Por Maria Ribeiro
Dar-se-á continuidade a respeito das ditas mensagens psicografadas que trazem revelações da vida de Jesus não contadas nos Evangelhos. Pois bem, estes textos caíram no gosto de grande número de adeptos e são utilizados inclusive para basearem os estudos realizados nos Centros quando o tema é a figura do Mestre.
Sem querer repetir o que grandes estudiosos do passado e do presente incansavelmente dizem, há nisto grande perigo, e o mais imediato é realmente a assimilação de tais ensinamentos pelos não estudiosos com sua consequente permanência na ignorância. Coisas que parecem inofensivas podem causar, como tem causado, grandes transtornos no ME.
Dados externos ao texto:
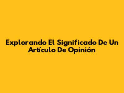 Explorando El Significado De Un Artículo De Opinión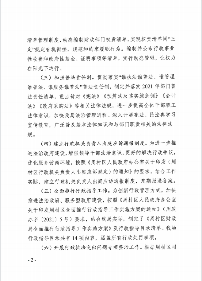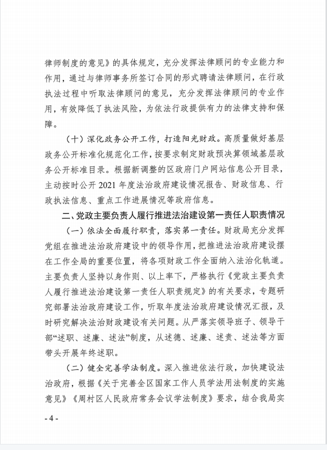 周村区财政局2021年度法治政府建设工作的报告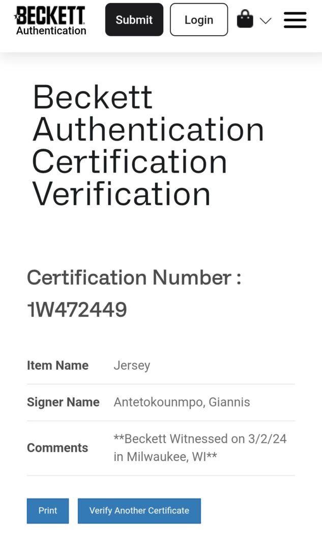 COLLECTABLE JERSEY NBA ALL STAR 2020 SIGNED BY THE 1X NBA CHAMPION 1X FINALS MVP 2X NBA MVP SUPER STAR OF GREEK NATIONAL TEAM GIANNI ANTETOKUNMBO COA BECKETT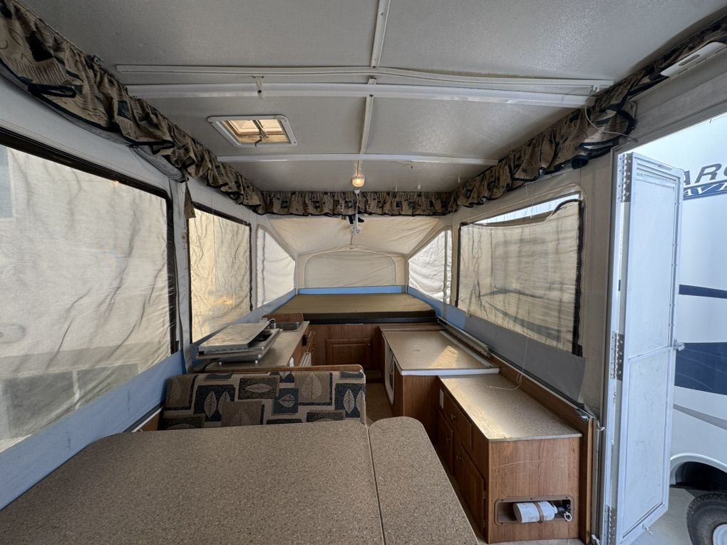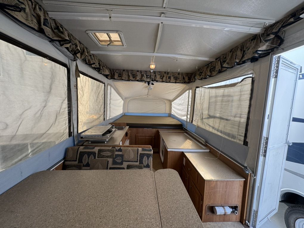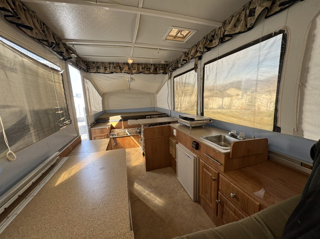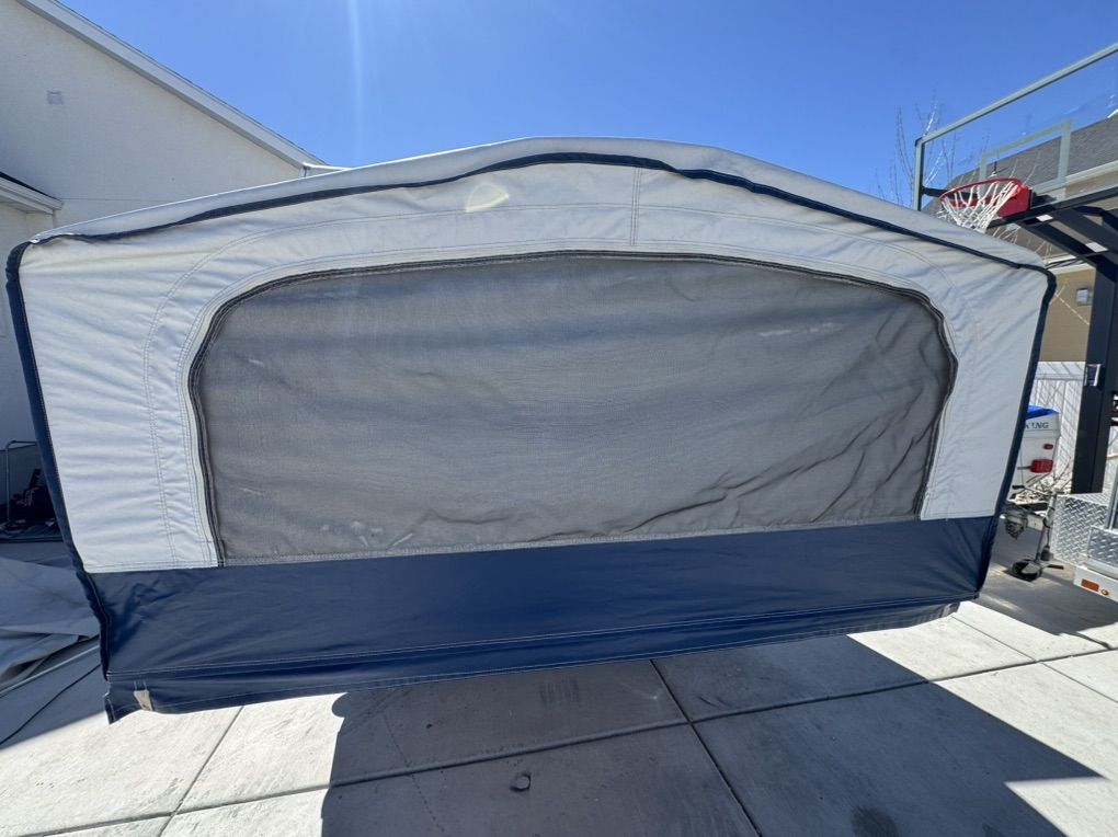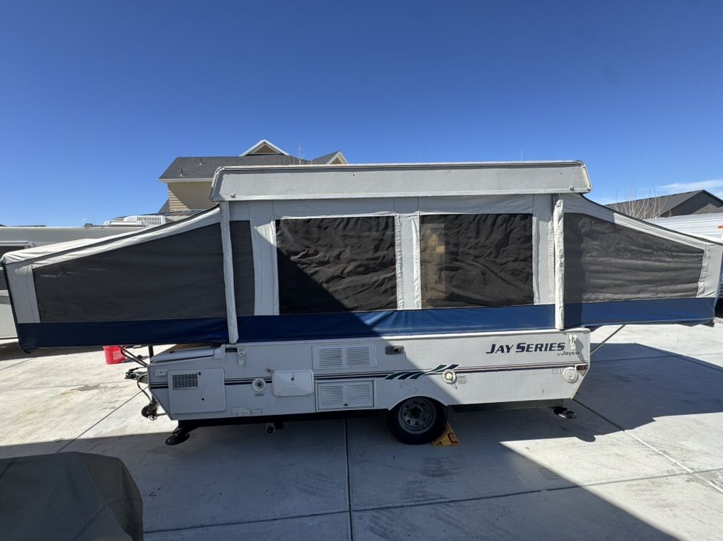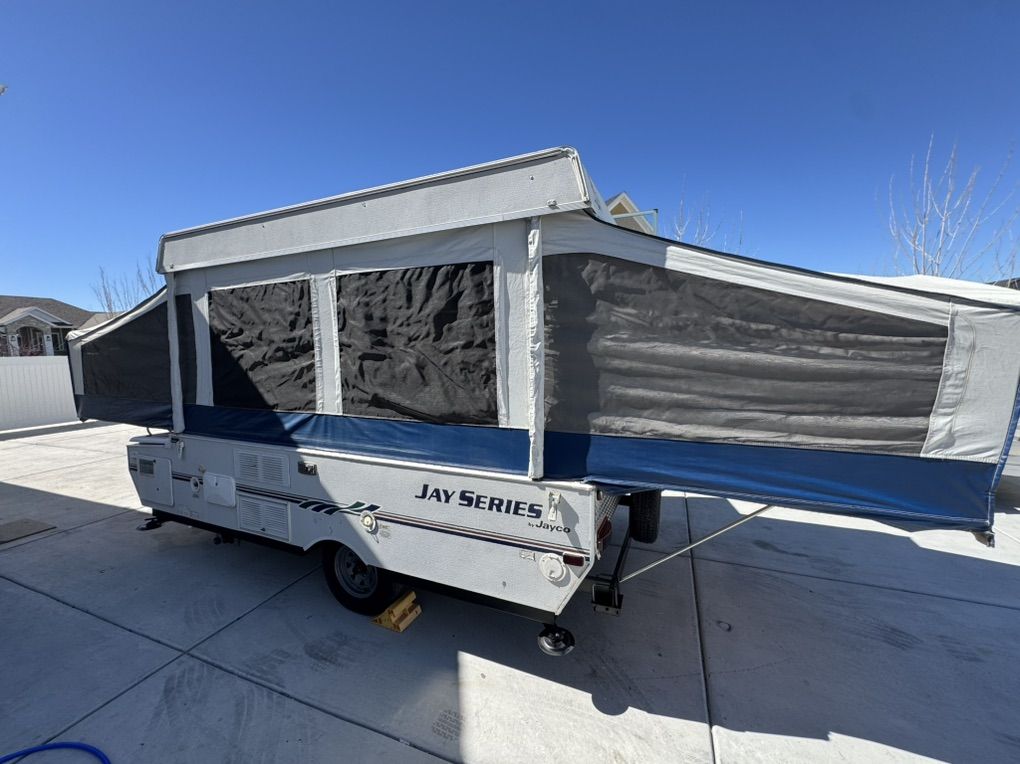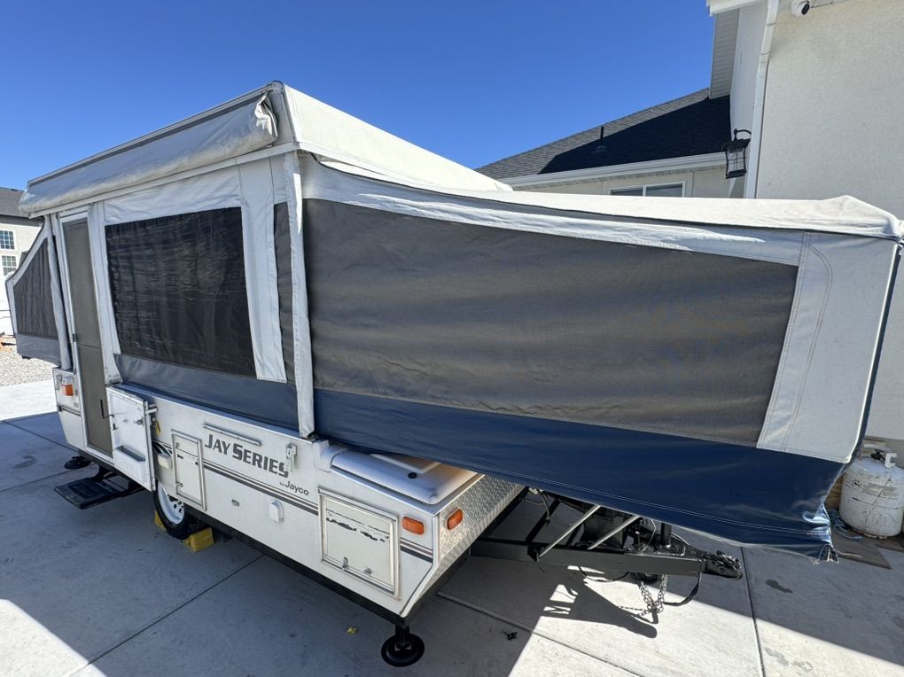 VenmoMint Jayco 1008 popup Jayco builds one of the most solid maintenance and trouble free popups you can get- this is in Very nice shape and has been garaged or covered the majority of the time since new. Fully loaded model Full bathroom/shower enclosure huge king bed up front. Double bed in rear, Plus a table that folds to a twin bed Outside shower/inside shower Tons of storage - huge durable storage box up front for gear that is in perfect condition with secure latches canvas and screens are in amazing condition No pets or smoking All curtains on excellent shape Roof is in perfect like new condition it has never leaked and the solid built storage box is in outstanding shape and will hold up for many years unlike most that are cracked or leak 19k btu Thermostat controlled heater. Co2 detectors Bunk overhead lights/fans Comes loaded with camping supplies water hoses Two 5g propane tanks brand new $400 toilet holding tank just installed today- brand new/empty Tires and spare are in excellent condition Electric brakes Bearing buddies on the axles for quick servicing- no need to pack bearings! The crank is smooth and and effortless a child could raise it up and the beds slide very smoothly.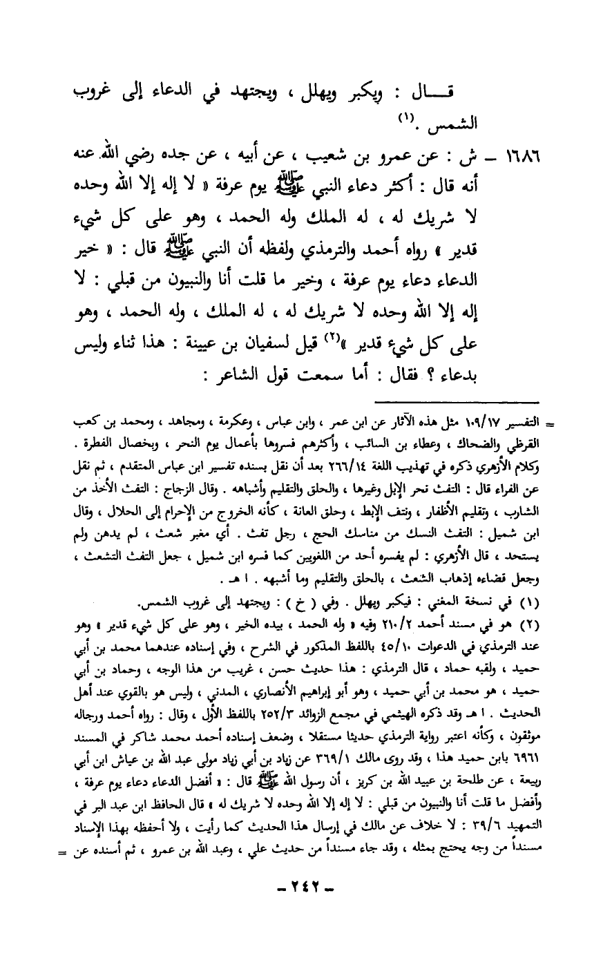 1686 - ش: عن عمرو بن شعيب، عن أبيه، عن جده - رَضِيَ اللَّهُ عَنْهُ - أنه قال: «أكثر دعاء النبي - صَلَّى اللَّهُ عَلَيْهِ وَسَلَّمَ - يوم عرفة «لا إله إلا الله وحده لا شريك له، له الملك وله الحمد، وهو على كل شيء قدير» رواه أحمد والترمذي ولفظه أن النبي - صَلَّى اللَّهُ عَلَيْهِ وَسَلَّمَ - قال: «خير الدعاء دعاء يوم عرفة، وخير ما قلت أنا والنبيون من قبلي: لا إله إلا الله وحده لا شريك له، له الملك، وله الحمد، وهو على كل شيء قدير» » قيل لسفيان بن عيينة: هذا ثناء وليس بدعاء؟ فقال: أما سمعت قول الشاعر: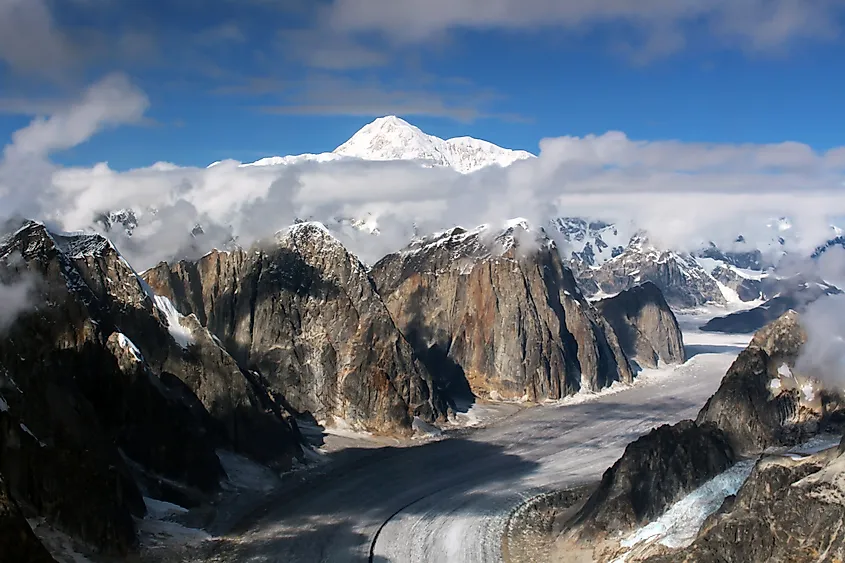 米国西部の巨人をさらに深く掘り下げて、北米で最も高い山の本拠地であるアラスカに目を向けましょう。名前は変わり続けていますが、標高 20,310 フィートのマッキンリー山、待ってください、デナリ、待ってません…マッキンリーは再びデナリ国立公園および保護区の中心であり、世界の 7 つの頂上の 1 つとして不動の地位を保っています。アラスカ州は国立公園を特に野生のままにしておくことを好みますが、デナリには道路が 1 本あります。最初の 15 マイルは舗装され、誰でも自由に通行できます。その後、比類のないアラスカ山脈までさらに 127 マイルを超える観光客は、バス (厳密な交通手段またはナレーション付きツアー) を利用できます。雲のない日には、デナリはマイル 9 から見ることができますが、奥に行けば行くほど景色は良くなります (さらに多くの野生動物が出現する可能性があります)。フェアバンクス国際空港からデナリのパーク ロードの始点までは 120 マイル/2 時間です。

Não se pode negar que trata-se de empreendimento por demais audacioso, e claro, temerário. Até certo ponto, também as tentativas de interpretações de passagens evangélicas caíram num terrível vício de floreações por demais exageradas, trocando as falas simbólicas do Cristo por outras simbologias, muitas vezes vagas e sem fundamento prático. Há inúmeras obras disseminadas no ME de conteúdo pretensamente "evangélico", para cujas interpretações deve ter havido um esforço enorme de imaginação.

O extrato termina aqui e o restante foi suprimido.